手を振って「おはようお帰り。」と言うと、四草は「行ってきます。」と言った。
何でオレが胸を撫でおろさなあかんのや。



「なあ~、四草。」
ちゅ。
「……なんですか?」
「毎回毎回、ひとが話切り出すたびになんやねんお前は!……オレが何言うか分かっててこないしてんのか。」
「毎回ではないでしょう。布団の上にいる時だけやないですか。

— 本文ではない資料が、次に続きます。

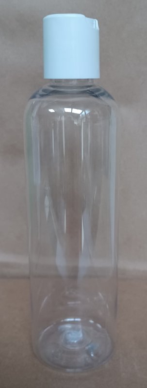 250 ml TALL BOSTON Clear PET Bottle with Push In Disc Cap - EMPTY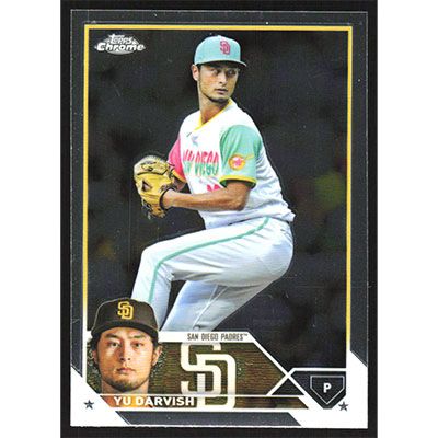 This is a 2023 Topps Chrome Yu Darvish baseball card. The card is #26 and pictures show condition.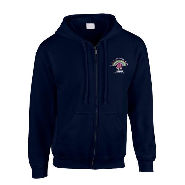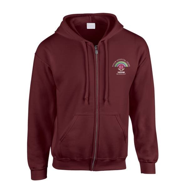 To order your personalised Healthcare Nursing Brain in Hands & Rainbow Zipped Hoodie, please select your size and colour. Then use the text boxes provided to supply what you would like us to stitch on your zipped hoodie.

」と四草はしれっとした顔をこちらに向ける。
「オレが毎回、言うたら毎回や!」
「子どもみたいに癇癪起こしてもしゃあないでしょう。第一、した後で、もう一遍、ちゃんと聞いとるやないですか。」
「そらそうやけど……。」
そもそもの話、キスした後でする話とちゃうで。
「もう一回しましょうか? 思い出すかもしれませんし。」
「どないやねん……!」
こっちが仏壇の話切り出そうとするたびに、邪魔しくさって。
「で、何言うつもりだったんですか?」
今聞くんかい!
「……明日言う。」
「寝たら忘れますよ。」
なんやねん、偉そうに。
「四草。」
「はい。」
「電気消せ。」
「分かりました。」と四草は言う。
「好きやで。」
「……は?」
背中を向ける代わりに、ちゅ、と意趣返しのキスをすると、四草が目を丸くした。
なるほどなァ。こいつは毎回こないな面白いもん見とったんか。
「寝たら忘れるからな。お前も忘れぇ。」
「は?」
こんなん忘れられるわけないじゃないですか、と掠れた声が聞こえてくる。
知るか。
「オレはもう知らん。そもそも、お前が、今の好きなもん帰って来たら言う、て言うから待ってたのに、お前、そっちの方もまだ言ってへんやないか。」
待ちくたびれてしもた、て若狭なら言うとこやで。
「……。」
いつものように部屋の電気が消えたと思ったら、豆球も消えてしまった。遅れて、僕も好きです、という四草の声が聞こえて来る。
どさくさまぎれかい!
オレがそないに突っ込もうと振り返ると、何かを口にする先に、暗がりから四草の手が伸びて来て、それから、ゆっくりとさっきの続きをした。